Ed Barnes
- Born: 14 January 1981 (age 45) Banbury, Oxfordshire, England
- Height: 6 ft 1 in (1.85 m)
- Weight: 15 st 1 lb (96 kg)

Rugby union career
- Position: Flyhalf
- Current team: Bristol Rugby

Senior career
- Years: Team / Apps / (Points)
- 2001–2002: Bath
- 2002–2004: Bedford
- 2004–2007: Plymouth Albion
- 2007-: Bristol Rugby / 57 / (645)
- Correct as of 16 August 2007

International career
- Years: Team / Apps / (Points)
- 2009: England Saxons / 1 / (10)

= Ed Barnes (rugby union) =

English rugby union footballer

Ed Barnes (born 14 January 1981, in Banbury) is an ex English rugby union footballer, who plays fly-half for Bristol Rugby.
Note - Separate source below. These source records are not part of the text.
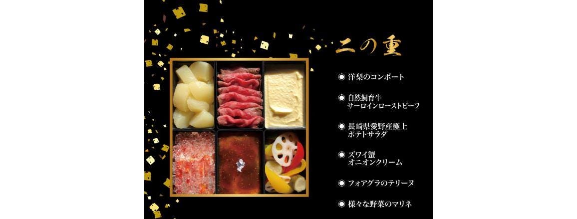 ローストビーフやフォアグラなど、自慢の料理をお重に詰めました。
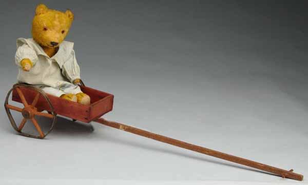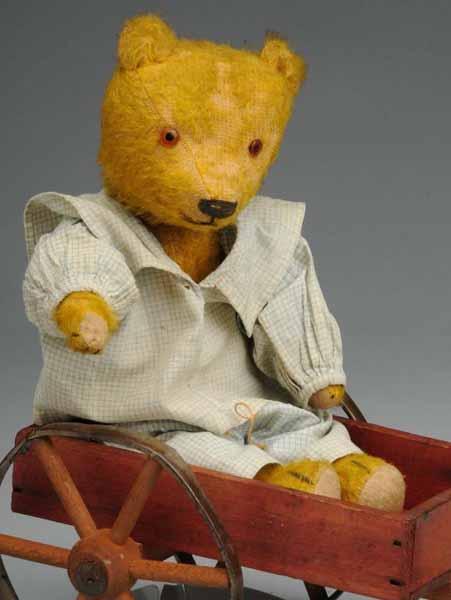 Description Ca. 1920s. Mohair teddy bear with swivel neck, jointed shoulders and hips, sewn nose and claws (some wear), very nice cotton boy’s suit. In a red stained wood two-wheeled pull cart. Condition (Very Good). Size Bear: 13" T.
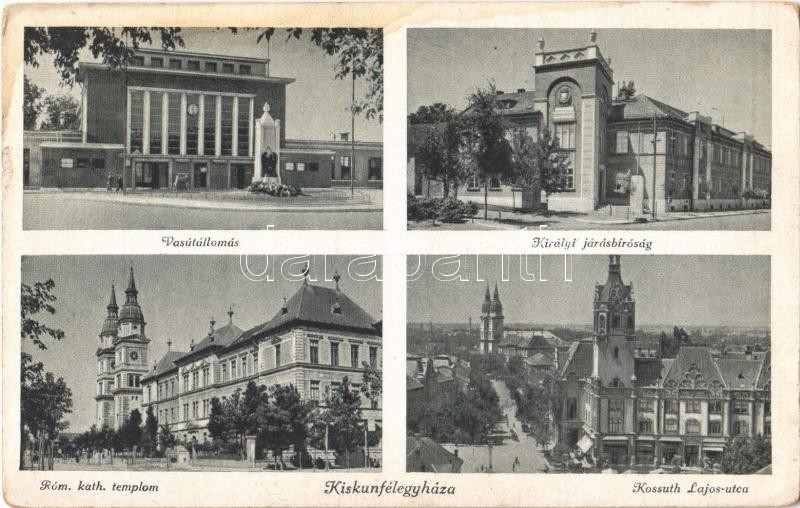 1943 Kiskunfélegyháza, vasútállomás, királyi járásbíróság, római katolikus templom, Kossuth Lajos utca
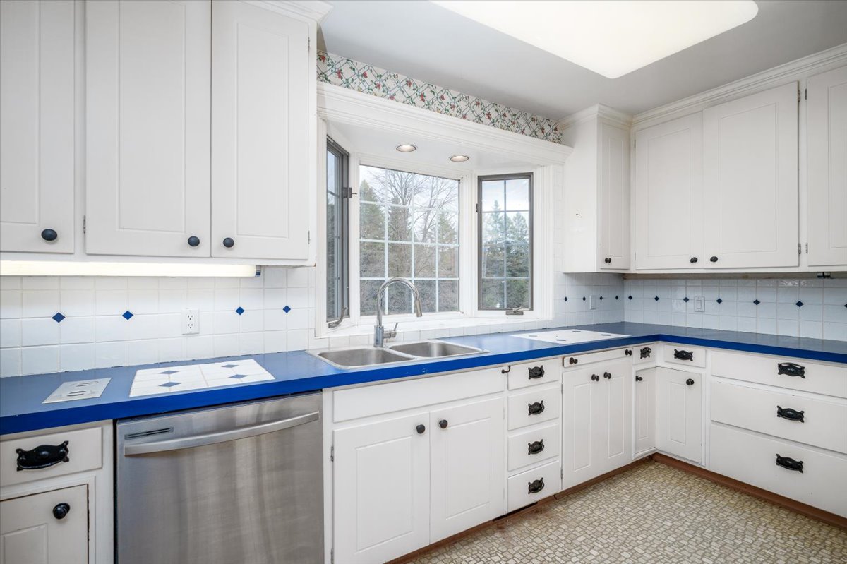 The main floor features a large kitchen overlooking the front garden, combined with a dining area that overlooks the light-filled sunroom with a walk-out to the expansive cedar deck.
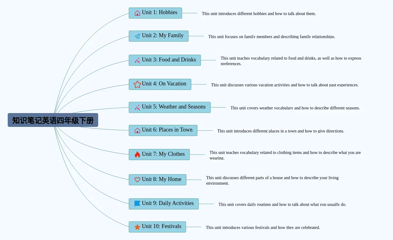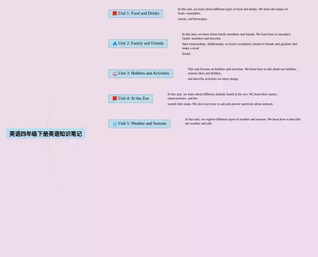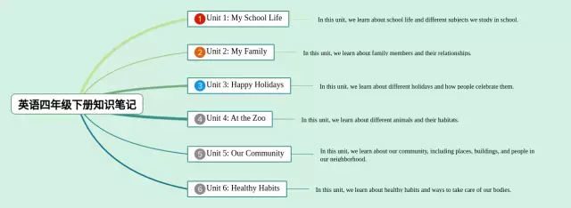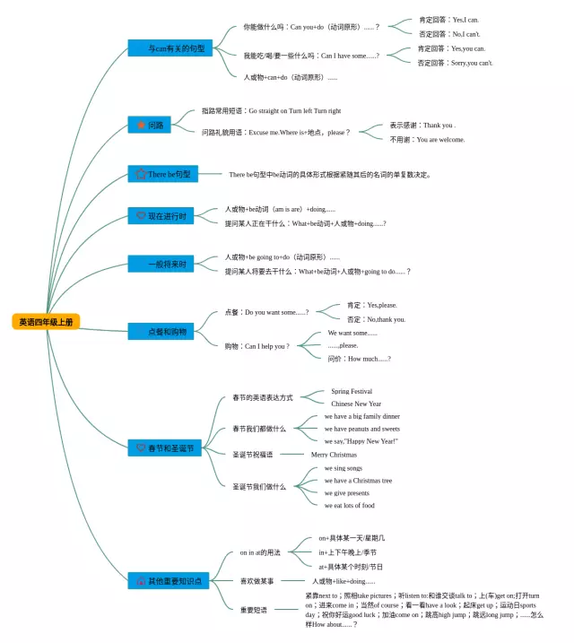 四年级下册思维导图合集,英语四年级思维导图下册,内容涵盖语音、词汇、句型、其他知识点等4个部分,24张附下载,每张思维导图都非常漂亮,每张图片均附下载。

Barnes started his playing career at Bath before moving to Bedford. He was traded from Plymouth Albion to Bristol Rugby for the 2007–8 season.

Barnes' first game in the Guinness Premiership was made as a replacement against London Wasps where he cleared a penalty to result in a draw. He then made the starting team when playing Wasps for the second time.

In January, 2009 Barnes was selected for the England Saxons team to face .

In early October 2009, Paul Hull announced that Barnes would be out of action for the next six months. Barnes had ruptured his Achilles in Bristol's final game of the 2008/9 season against Leicester. He worked hard over the summer of 2009 to get fit again, only to re-rupture it in the final few weeks of rehabilitation.